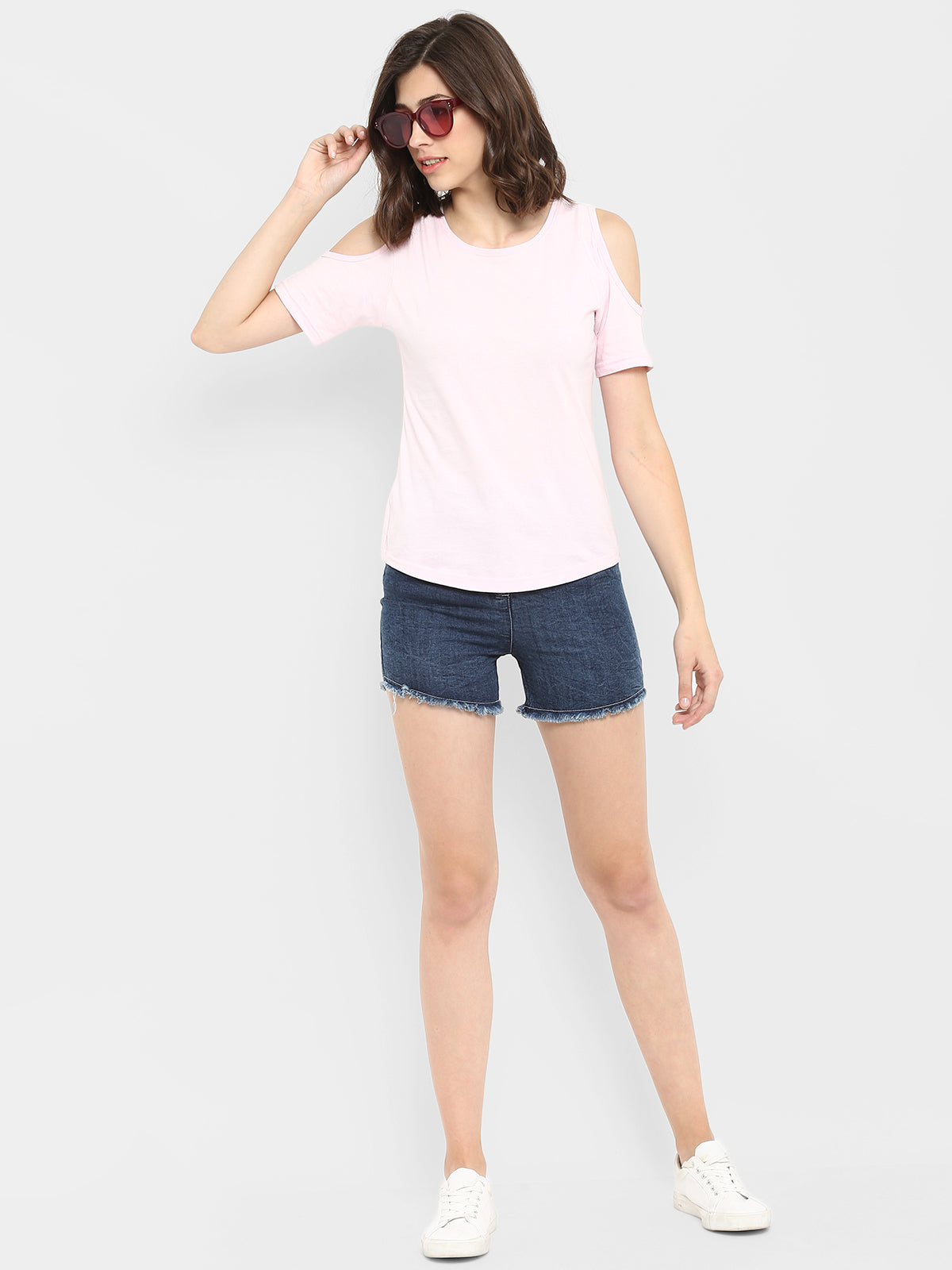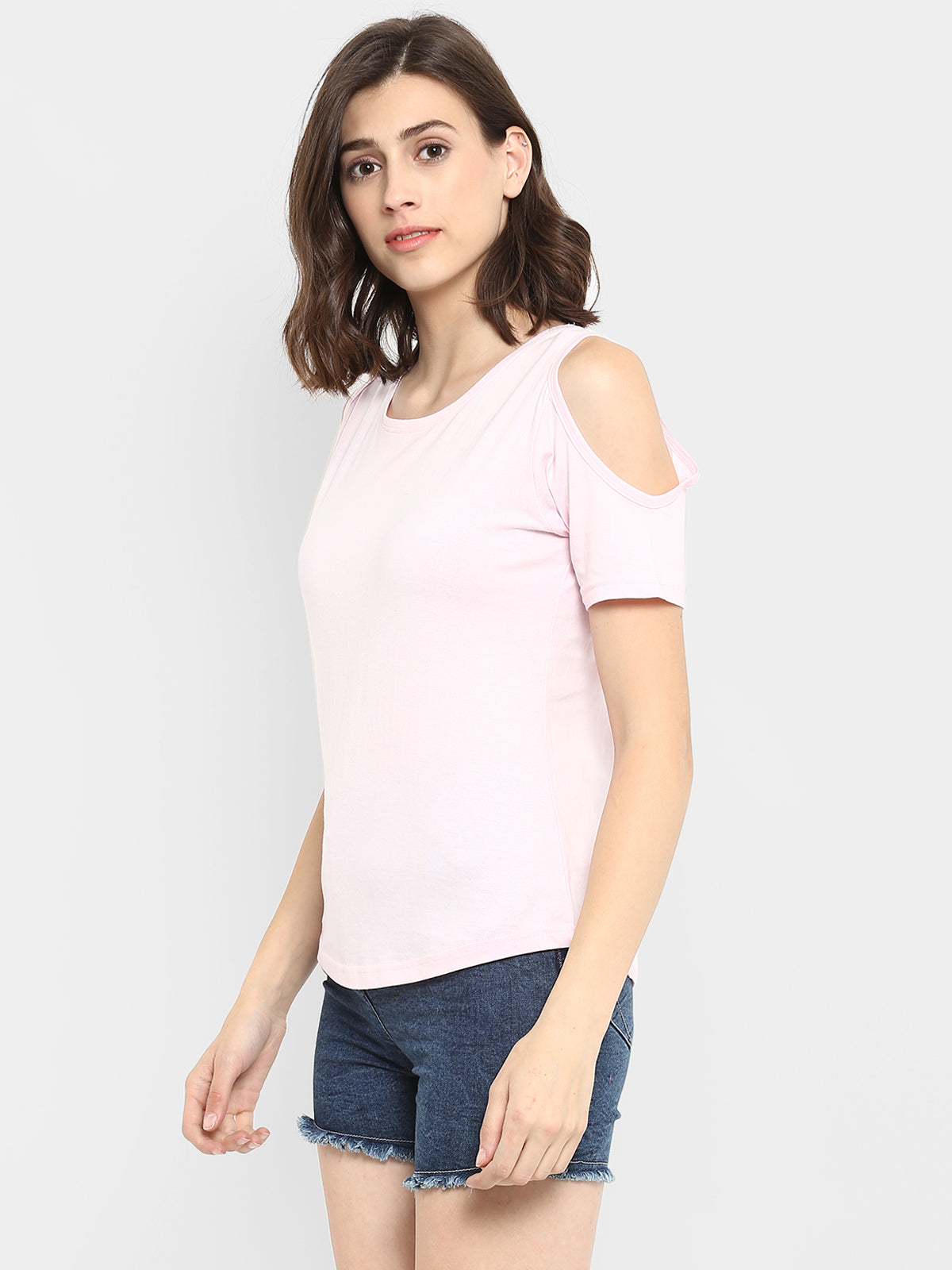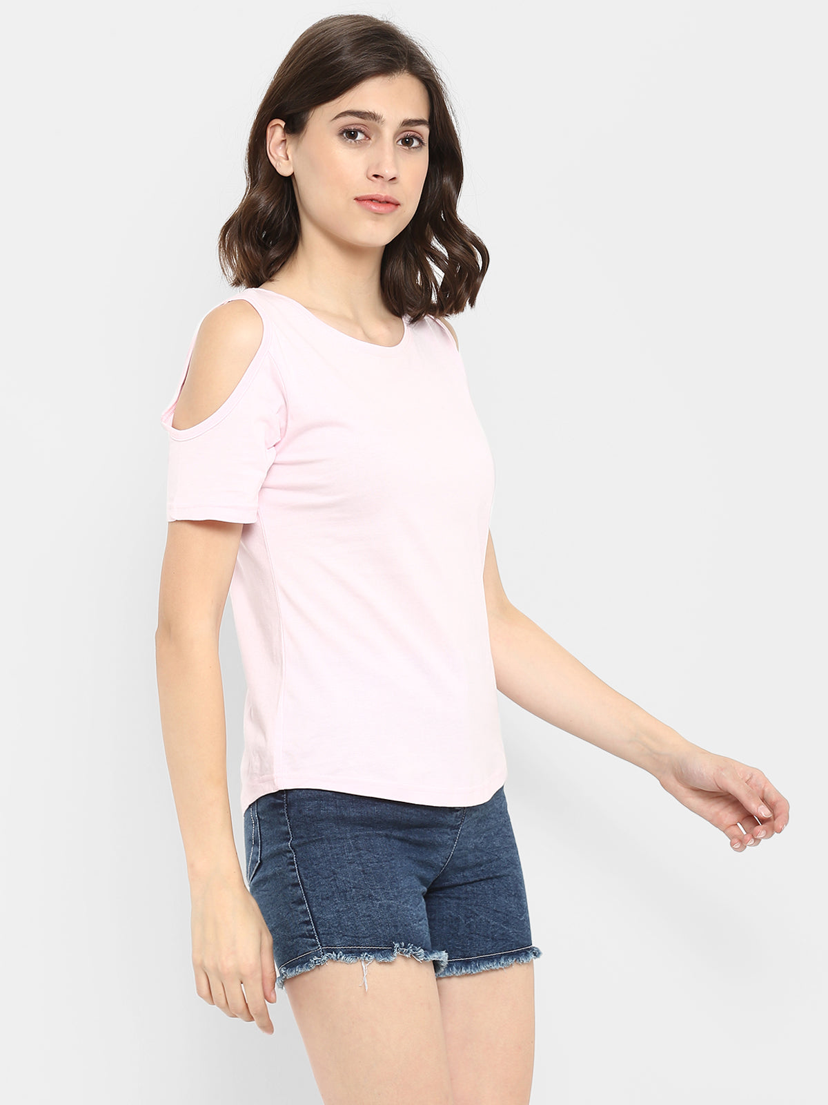 Ap'pulse Women's Round Neck Cold Shoulder Tshirt
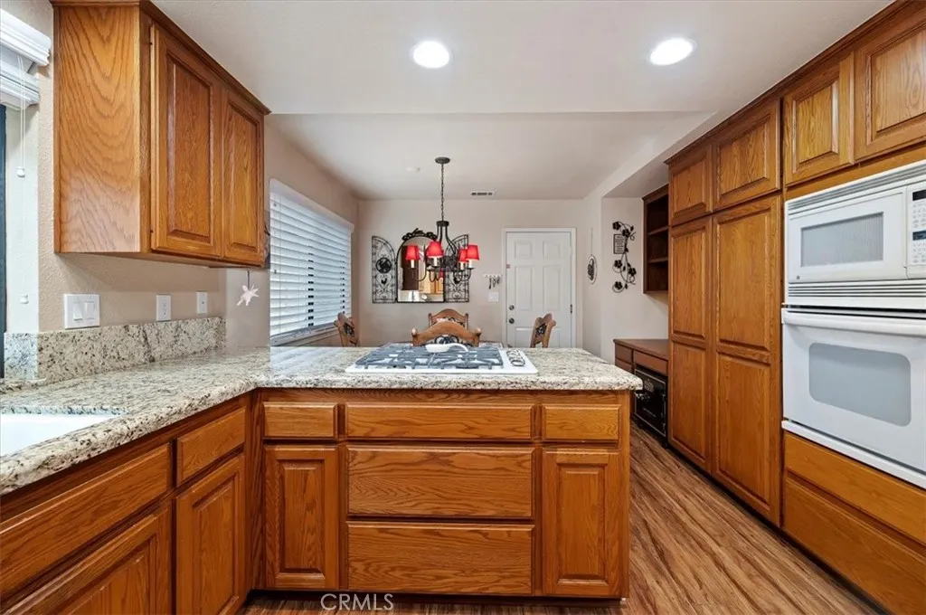 NEW PRICE! Discover the comfort and convenience of 55+ living in this beautiful gated community. This well-situated home offers picturesque views and a peaceful backyard with no rear neighbors. Featuring 3 oversized bedrooms and 2.5 bathrooms, the home includes a cozy family room with a fireplace, a formal dining room, and an elegant kitchen with granite countertops, oak cabinetry, and an additional dining area. The spacious primary suite boasts a walk-in closet and an en-suite bathroom with dual sinks, a tile vanity, and a walk-in shower. A convenient powder room is located just down the hall for guests, while the secondary bathroom features a tub and tile vanity. Laminate flooring flows throughout the home, with tile in the bathrooms. Additional highlights include direct garage access, laundry located in the garage, and guest parking conveniently located directly across from the home. Enjoy the lushly landscaped front and backyard, complete with fruit trees, fenced yard for privacy and pet safety, and walkways throughout the outdoor space. The community offers an impressive array of amenities, including a swimming pool, hiking trails, tennis courts, pickleball, clubhouse, and RV storage. Come experience this amazing community for yourselfyoull quickly see why this is the perfect place to call home.
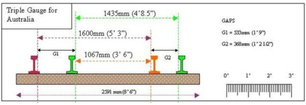 By 1899, the lengths of each gauge open to public traffic were: 3ft 6in gauge, 5,280 miles; 5ft 3in gauge, 3,615 miles; and 4 f. 8 1⁄2in gauge, 2,531 miles. It was obvious to ‘Rebus’ that “to convert all lines to the 3 ft. 6 in. gauge would cost the community less in money, in time, and in public inconvenience than to adopt either of the other two. To alter the 4 ft. 8 1⁄2in. to 5 ft. 3 in. (which is the next important as regards mileage) would not be attended with insuperable difficulties, and it would have one substantial advantage, viz., that the rolling-stock of the 4 ft. 8 1⁄2in. gauge could be readily disposed of, whereas the 5 ft. 3 in. rolling-stock, if discarded would be a comparative drug on the market; but 5 ft. 3 in. as the uniform gauge would be decidedly objectionable, seeing it [was] all but obsolete. The question, so far as Australia [was] concerned, therefore reduces itself to 4 ft. 8 1⁄2in. or 3 ft. 6 in.” [1: p420]
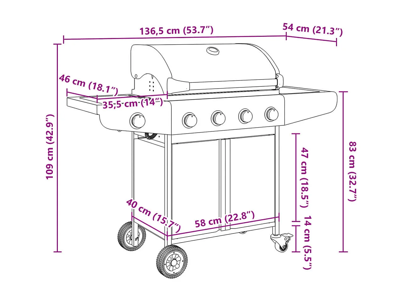 Barbecue à gaz avec 5 brûleurs argenté acier inoxydable
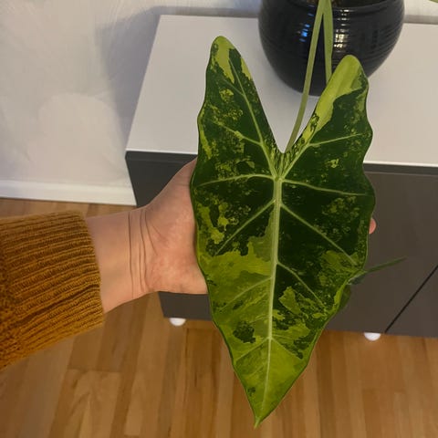 Bladkantstorkning förekommer på flera blad efter att jag missat att vattna den, det går att klippa bort. Se bild.

######

## What the exercise asks
The answer must be an exact copy of the records above, with the pictures left out.

## Answer to the exercise
 Ap'pulse Women's Round Neck Cold Shoulder Tshirt
 NEW PRICE! Discover the comfort and convenience of 55+ living in this beautiful gated community. This well-situated home offers picturesque views and a peaceful backyard with no rear neighbors. Featuring 3 oversized bedrooms and 2.5 bathrooms, the home includes a cozy family room with a fireplace, a formal dining room, and an elegant kitchen with granite countertops, oak cabinetry, and an additional dining area. The spacious primary suite boasts a walk-in closet and an en-suite bathroom with dual sinks, a tile vanity, and a walk-in shower. A convenient powder room is located just down the hall for guests, while the secondary bathroom features a tub and tile vanity. Laminate flooring flows throughout the home, with tile in the bathrooms. Additional highlights include direct garage access, laundry located in the garage, and guest parking conveniently located directly across from the home. Enjoy the lushly landscaped front and backyard, complete with fruit trees, fenced yard for privacy and pet safety, and walkways throughout the outdoor space. The community offers an impressive array of amenities, including a swimming pool, hiking trails, tennis courts, pickleball, clubhouse, and RV storage. Come experience this amazing community for yourselfyoull quickly see why this is the perfect place to call home.
 By 1899, the lengths of each gauge open to public traffic were: 3ft 6in gauge, 5,280 miles; 5ft 3in gauge, 3,615 miles; and 4 f. 8 1⁄2in gauge, 2,531 miles. It was obvious to ‘Rebus’ that “to convert all lines to the 3 ft. 6 in. gauge would cost the community less in money, in time, and in public inconvenience than to adopt either of the other two. To alter the 4 ft. 8 1⁄2in. to 5 ft. 3 in. (which is the next important as regards mileage) would not be attended with insuperable difficulties, and it would have one substantial advantage, viz., that the rolling-stock of the 4 ft. 8 1⁄2in. gauge could be readily disposed of, whereas the 5 ft. 3 in. rolling-stock, if discarded would be a comparative drug on the market; but 5 ft. 3 in. as the uniform gauge would be decidedly objectionable, seeing it [was] all but obsolete. The question, so far as Australia [was] concerned, therefore reduces itself to 4 ft. 8 1⁄2in. or 3 ft. 6 in.” [1: p420]
 Barbecue à gaz avec 5 brûleurs argenté acier inoxydable
 Bladkantstorkning förekommer på flera blad efter att jag missat att vattna den, det går att klippa bort. Se bild.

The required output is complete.